If a sequence of more than one dollars are appeared, then one dollar is simply discarded. Thus “$$$$home” is converted to “$$$home” and “$$$${not a rc script}” is converted to “$$${not a rc script}”. Dollars “$$$$” at the end of line is not a NL escape. That is just converted to “$$$”.

Argument variable $0, $1, $2, ...

Among $0, $1, $2, ..., variable “$0” is special. This is a file name currently processed. Remaining “$1”, “$2”, ... are arguments.

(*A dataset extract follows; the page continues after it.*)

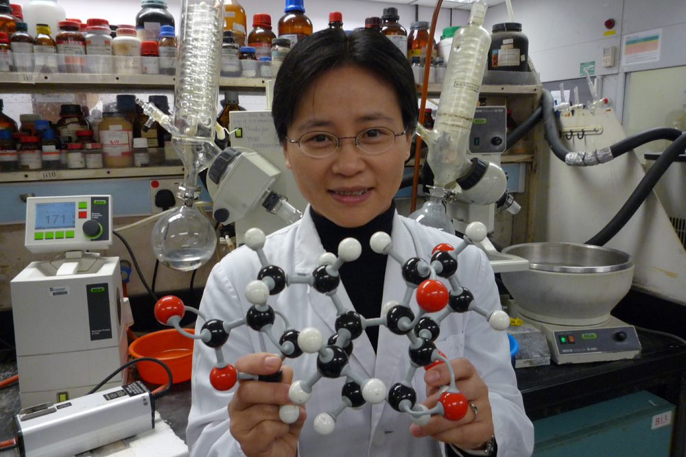 圖:楊丹透過化學合成發現雷公藤擁有極強的抗癌、消炎和免疫抑制能力,終於成功分解當中毒性及功用 本報攝

For example, let a file “foo” be

$0
$1
$2

then we have

term% rit foo alice bob
foo
alice
bob
term%

Rit executable

In most cases, Rit will be used in executable file. Then the meaning “$0”, “$1”, ... are shown by the following example:

term% cat>bar
#!/bin/rit -s
$0
$1
$2
term% chmod 755 bar
term% bar alice bob
./bar
alice
bob
term%

For the case we want only base name of “$0”, we have “-b” option:

term% cat>bar
#!/bin/rit -bs
$0
$1
$2
term% chmod 755 bar
term% bar alice bob
bar
alice
bob
term%

Termination

Rc block

	${echo exit 'some message'>[1=2];exit} 

will terminate Rit. Rc function “quit” is predefined in Rit:

	fn quit {echo exit $1 >[1=2];exit} 

Simple “exit” does not terminate Rit but next ${ } block will terminate Rit because of error.
For example

	${exit} ${} 

will terminate Rit.

Example 1:

term% rit
${quit}
term% echo $status

term%

Example 2:

term% rit
${quit abcd}
term% echo $status
rit 619: abcd
term%

where the number 619 is process ID.

Known Bugs

Echo -n

Use of “/bin/echo -n” can make a problem which comes from “0 byte write problem to a pipe”: let “foo” be any executable, then it is not guaranteed that the following two commands

	foo > bar 

and

	foo | cat > bar 

produce same “bar”.

Avoiding this problem, Rc function “echo” is predefined internally as

fn echo {
        if(~ $1 '-n'){
                shift
                if(~ $"* ?*)/bin/echo -n $*
        }
        if not /bin/echo $*
}

Last command with no output

Due to implementation of Rit

	${name=alice}$ echo $name 

does not produce “alice”. Assignment just before “}$” is not only no effect in suppressing NL but also can terminate Rit in certain conditions. Write instead

	${name=alice} $name 

or

	${name=alice;}$ $name 

Assignment is merely an example. Except for empty command, any command with no output has same problem.

Discussion

Backward operation “}$” is powerful. The operation will be required as long as Rit claims to be “general-purpose”. However backward operation makes things complicated. As far as HTML is concerned, “}$” is over-specification, because HTML is insensitive to NL.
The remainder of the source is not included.